Model with Multiple Dummy Variables
As before, look at population regression function
When \(fem_{i} =1\) and \(marr_{i} = 1\) \[E[wage_{i}|fem_{i}=1,marr_{i}=1] = \beta_{0} + \beta_{1}+ \beta_{2}\]
When \(fem_{i} =1\) and \(marr_{i} = 0\) \[E[wage_{i}|fem_{i}=1,marr_{i}=0] = \beta_{0} + \beta_{1}\]
When \(fem_{i} =0\) and \(marr_{i} = 1\) \[E[wage_{i}|fem_{i}=0,marr_{i}=1] = \beta_{0} + \beta_{2}\]
When \(fem_{i} =0\) and \(marr_{i} = 0\) \[E[wage_{i}|fem_{i}=0,marr_{i}=0] = \beta_{0}\]
Model with Multiple Dummy Variables
\(\beta_{0}\) is average wage when male, unmarried \[E[wage_{i}|fem_{i}=0,marr_{i}=0] = \beta_{0}\]
\(\beta_{1}\) is difference between unmarried woman and unmarried man \[E[wage_{i}|fem_{i}=1,marr_{i}=0] - E[wage_{i}|fem_{i}=0,marr_{i}=0]\] \[= \beta_{0} + \beta_{1} - \beta_{0}\] \[= \beta_{1}\]
\(\beta_{1}\) also difference between married woman and married man \[E[wage_{i}|fem_{i}=1,marr_{i}=1] - E[wage_{i}|fem_{i}=0,marr_{i}=1]\] \[= \beta_{0} + \beta_{1}+ \beta_{2} - (\beta_{0} + \beta_{2})\] \[= \beta_{1}\]

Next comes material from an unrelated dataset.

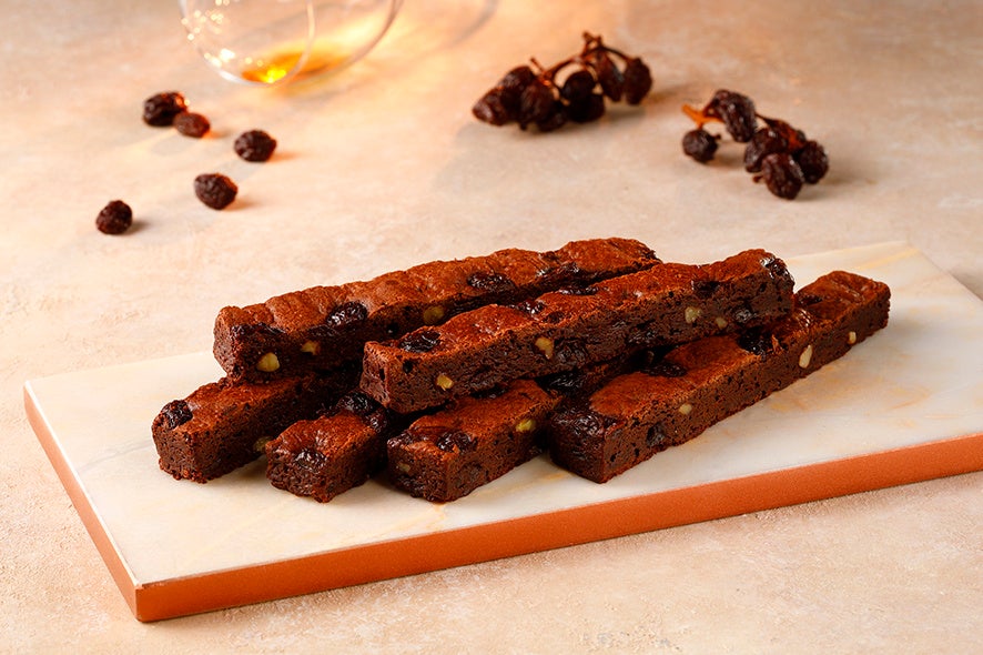 3種類の厳選したクーベルチュールチョコレートを使用した生地に、太陽の光で乾燥させたレーズンを使ったラムレーズン、そしてアクセントにクルミを加えて仕上げました。しっとりとした食感とラムレーズンの奥深い味わいは、バレンタイン・ホワイトデー期間にぴったりの逸品です。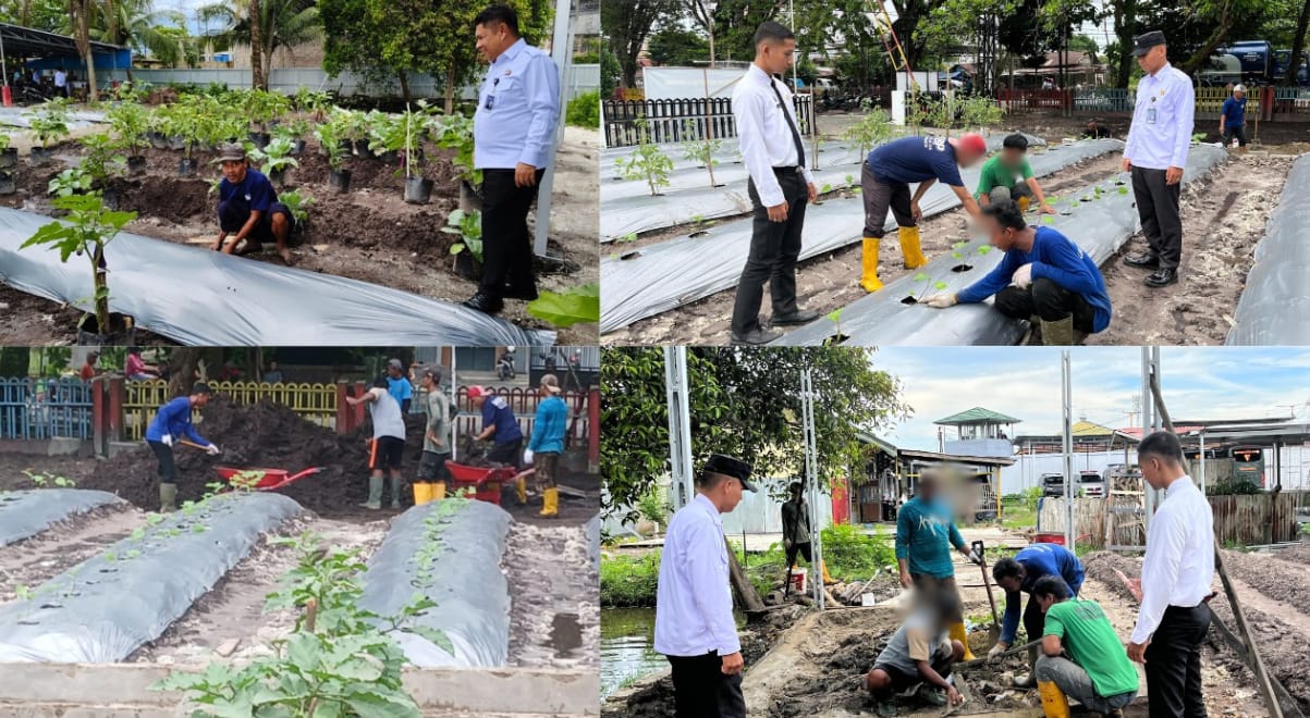 Petugas dan WBP Lapas Kelas IIA Banjarmasin Bersatu dalam Kerja Bakti Perawatan Lahan Produktif

Model with Multiple Dummy Variables
Model imposes that female-male difference does not depend on marriage
- It is equal to \(\beta_{1}\) regardless of marital status
\(\beta_{2}\) is married-unmarried difference
- Like before, difference does not depend on gender
\[E[wage_{i}|fem_{i}=0,marr_{i}=1] - E[wage_{i}|fem_{i}=0,marr_{i}=0]\] \[= \beta_{0} + \beta_{2} - \beta_{0}\] \[= \beta_{2}\] \[E[wage_{i}|fem_{i}=1,marr_{i}=1] - E[wage_{i}|fem_{i}=1,marr_{i}=0]\] \[= \beta_{0} + \beta_{1}+ \beta_{2} - (\beta_{0} + \beta_{1})\] \[= \beta_{2}\]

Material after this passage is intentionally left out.